Taglianetti went to Washington in 1996 to study audio production at the Art Institute of Seattle and came home ready for a career as a theatrical sound designer. He engineered his first show at Army Community Theatre in 1998 and moved to Manoa Valley Theatre a year later.
Taglianetti, 43, has been Hawaii Public Radio’s multimedia production manager since 2006. He hosts a weekly HPR radio program, “Applause in a Small Room,” but is still active in theater.
His most recent show, Ken Ludwig’s “Baskerville,” opened Thursday at Manoa Valley Theatre.
JOHN BERGER: What do you enjoy most about sound design?
JASON TAGLIANETTI: Designing the sound cues. If the playwright’s instructions are, “We hear the sound of wolves howling far away,” it’s up to me to decide how far away that is and what they sound like and how many there are.
“Baskerville” has a lot of sound cues — more than 400 — and it’s always an interesting proposition to play with the sound effects.
JB: Is there a show that stands out for you?
JT: “Cage of Fireflies” at Kumu Kahua took place in a neighborhood around McKinley High School. The playwright had requested traffic (noise) for the whole show and he was very specific about the times of day. The sound changes radically during the day, so I went out and did a lot of recording.

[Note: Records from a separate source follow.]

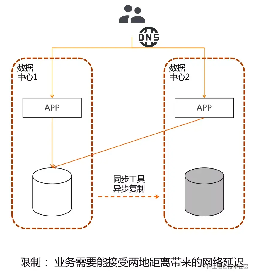 - 数据库异地主备,异步复制备份。应用读写同一数据中心的数据库,避免考虑一致性问题。
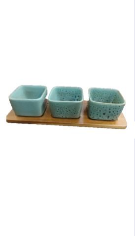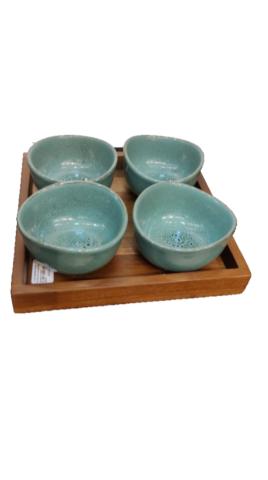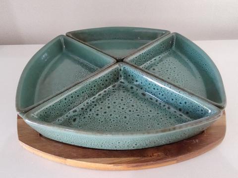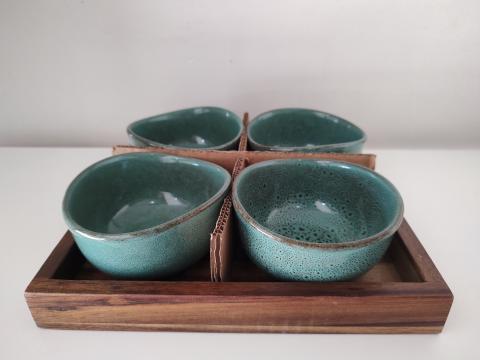 PETISQUEIRA EM MADEIRA E CERAMICA VERDE COM 4 BOWLS
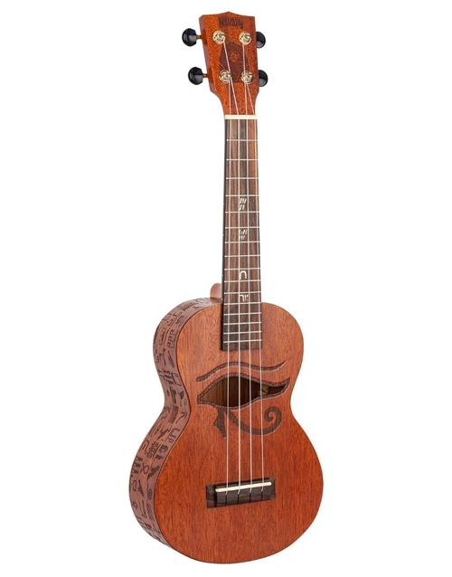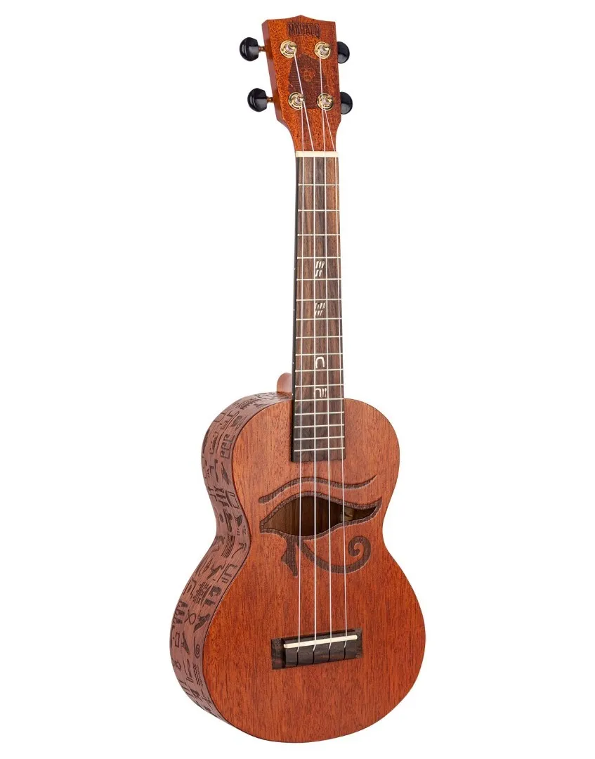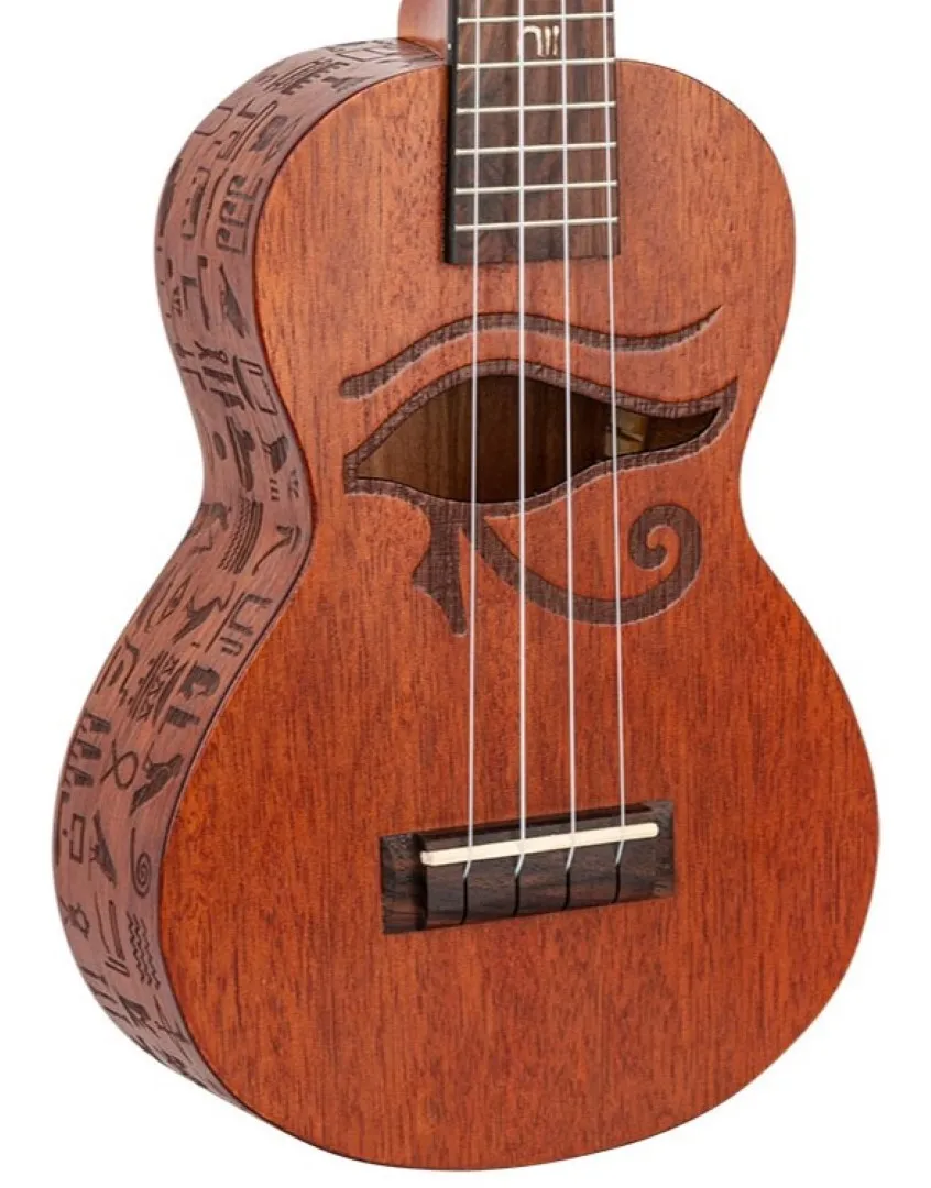 The Mahalo Artist Elite "Pharoah" Concert Ukulele raises the bar in terms of playability, looks and features at an entry level price point. A Nato body with stunning graphic art design, coupled with a Mahogany neck and Amara Ebony fingerboard & bridge makes for an instrument that looks and plays like one at ten times the price. The Pharoah features Laser Etched Hieroglyphics on the back & side, a unique Eye of Ra soundhole design, and highly detailed Egyptian number pearloid inlays.
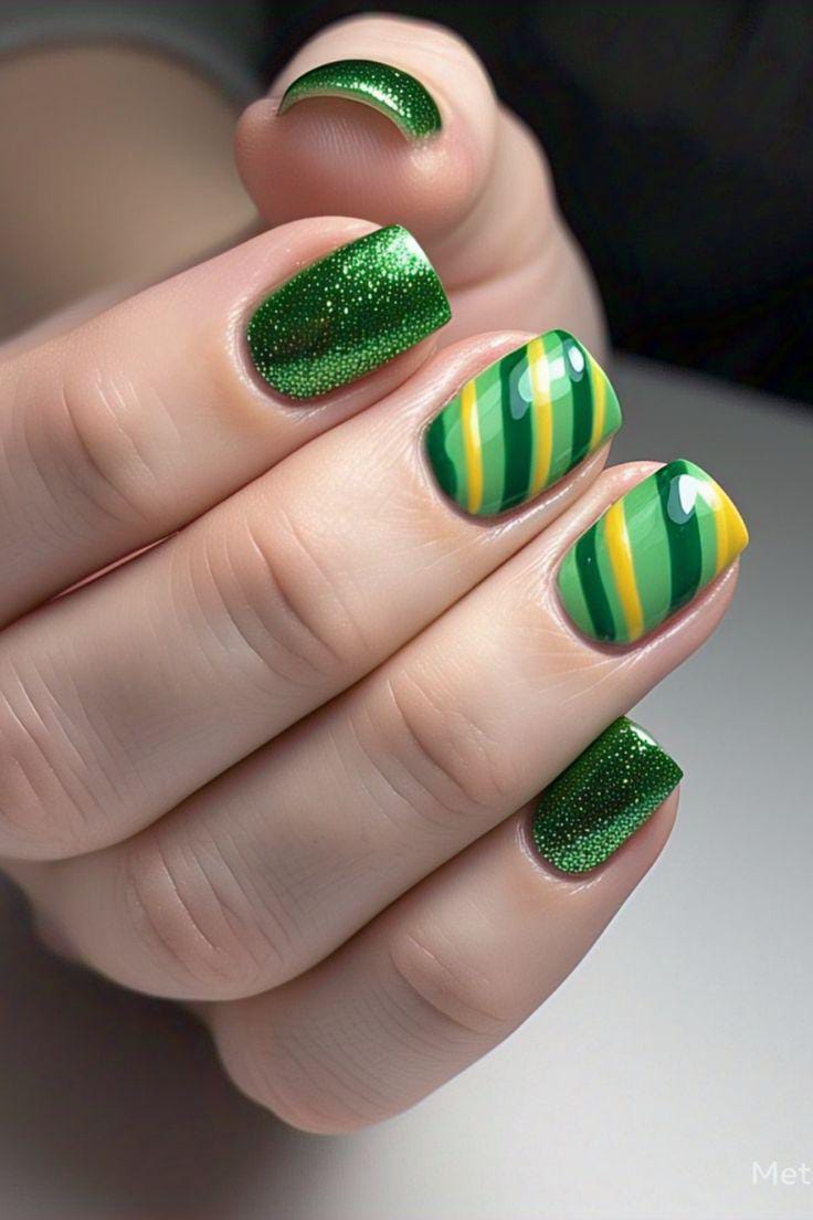 This design mixes rich green tones with soft shimmer-like chrome and yellow striped accent nails for a festive St. Patrick’s Day pop. It feels fun and eye-catching while still staying neat and wearable.
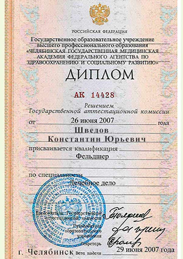 • 2007 г. — ГОУ ВПО «Челябинская государственная медицинская академия федерального агентства по здравоохранению и социальному развитию» (лечебное дело);
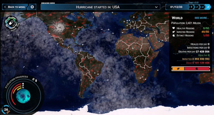 Choose a country you want to start your infection in and begin your pandemic. Gain evolution points and upgrade your disease's symptoms, transmission routes and resistance to external factors.
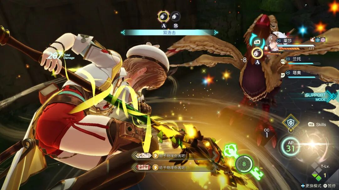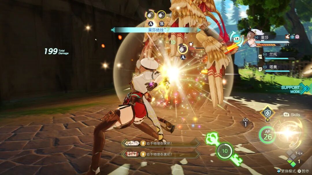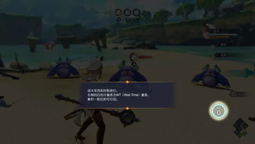 除了翻天覆地的地图之外,《莱莎3》中改变最大的就是战斗了。他们放弃了一直以来使用的回合制模式,采用了“半即时”的战斗系统。当然,祖传的“AP放技能、CC丢道具、通过攻击积攒战术等级”这些设定并未改变,只是用另一种形式的WT系统代替了回合。
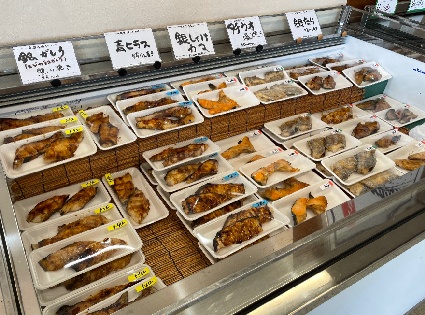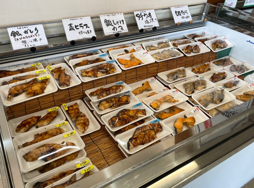 仕入れた魚は自店舗で丁寧に加工。荒浜の風と太陽の恵みを浴びた干物や、ふっくらと香ばしい自家製の焼き魚は、地元でも愛される逸品。お土産にも大好評です。
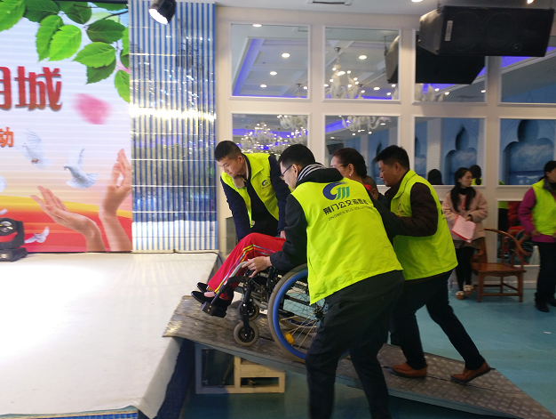 11月30日在荊門市殘疾人聯(lián)合會、荊門市智力殘疾人及親友協(xié)會、荊門市圓夢愛心幫扶會舉辦的主題為“包容殘疾人 創(chuàng)建文明城” 的“2018‘國際殘疾人日’紀念活動中,16名荊門公交志愿者在引導、簽到、幫助殘疾人出行、舞臺道劇、督導等志愿活動中,受到殘疾朋友們真誠的感謝和與會嘉賓、領導們的一致好評。
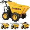 Wozidła marki HIGHER sprawdzają się nawet w najtrudniejszych warunkach dzięki wytrzymałej konstrukcji i zastosowaniu wysokiej jakości materiałów. Budowa naszych wywrotek spalinowych pozwala na osiągnięcie dużej wydajności oraz sprawności. Miniwywrotka HIGHER dzięki swojej niewielkiej szerokości może być używana w budynkach i wąskich przejazdach (otworach drzwiowych). Dzięki zastosowaniu w kołach wysokiego bieżnika wozidło bez trudu jeździ nawet po błotnistym czy piaszczystym terenie, gdzie występuje mało przyczepne podłoże.Wywrotka HIGHER doskonale nadaje się do przewożenia takich materiałów, jak kamienie, piach, żwir czy inne materiały sypkie, przez cegły, pustaki, drewno opałowe, kompost, paszę czy inne. Błyskawiczny wyładunek następuje przez zwolnienie blokady i ręczne przechylenie skrzyni. Całą maszynę napędza mocny 6,5-konny silnik znanej i cenionej marki LONCIN. Dane techniczneMoc silnika: 4-suwowy 196 cm³, 6,5 KM, LONCINRodzaj paliwa: benzynaBiegi: 3-przód ; 1-tyłNapęd: 4x4Maksymalna ładowność: 400 kgPojemność wodna: 240 LPojemność zasypowa: 350 LRozmiar kół: 4.00-8Waga: 160 kgSkrzynia biegów: mechanicznaWymiary (długość / szerokość / wysokość): 159 cm / 65,3 cm / 95 cm
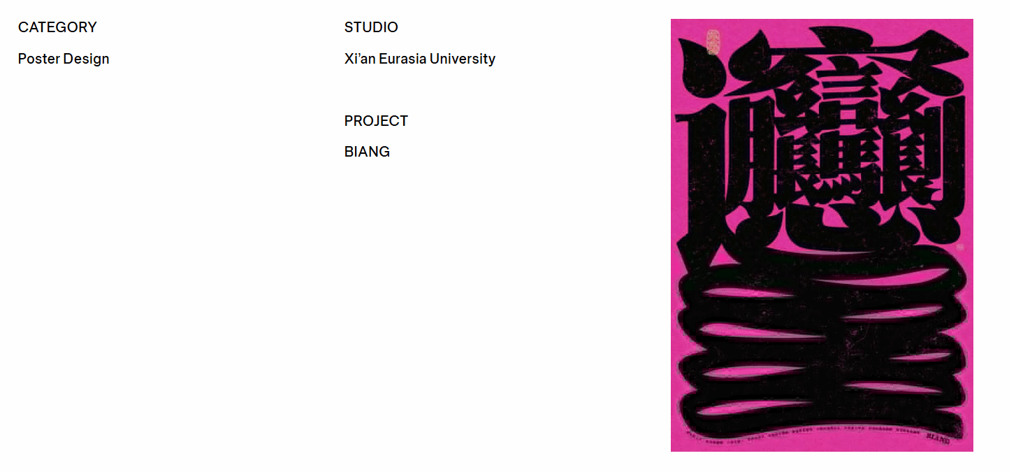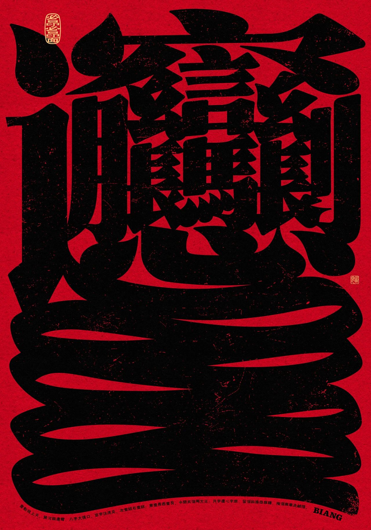BIANG》结合印刷体与毛笔字的共同构造,将汉字“biang”置于满屏空间内,以冷暖对比鲜明的七种纯色色彩赋予情绪以及意义。在黄放的构思里,《biang》,是千年古都西安的在地文化转变为具备全球属性的阐释符号的一次尝试。

But my favorite thing about it was that every night during the show, while this wash of sound played, we might hear a car drive by outside the theater and that became a part of the show.
Every night the sound was different despite being heavily designed.
JB: What else do you enjoy doing?
JT: Photography with a pinhole camera, and playing drums. With a pinhole camera, there’s one moving part, and that’s the photographer, so it’s a matter of pointing the camera in the right direction and judging the light, and then the pictures look so interesting and so different.
I just started playing drums about five months ago. I’m in a group — Jeff Said No — and after our drummer left I made a joke one day that it would be easier to learn drums than find a drummer.
Someone said I should do it, so I switched from bass to drums. I love it.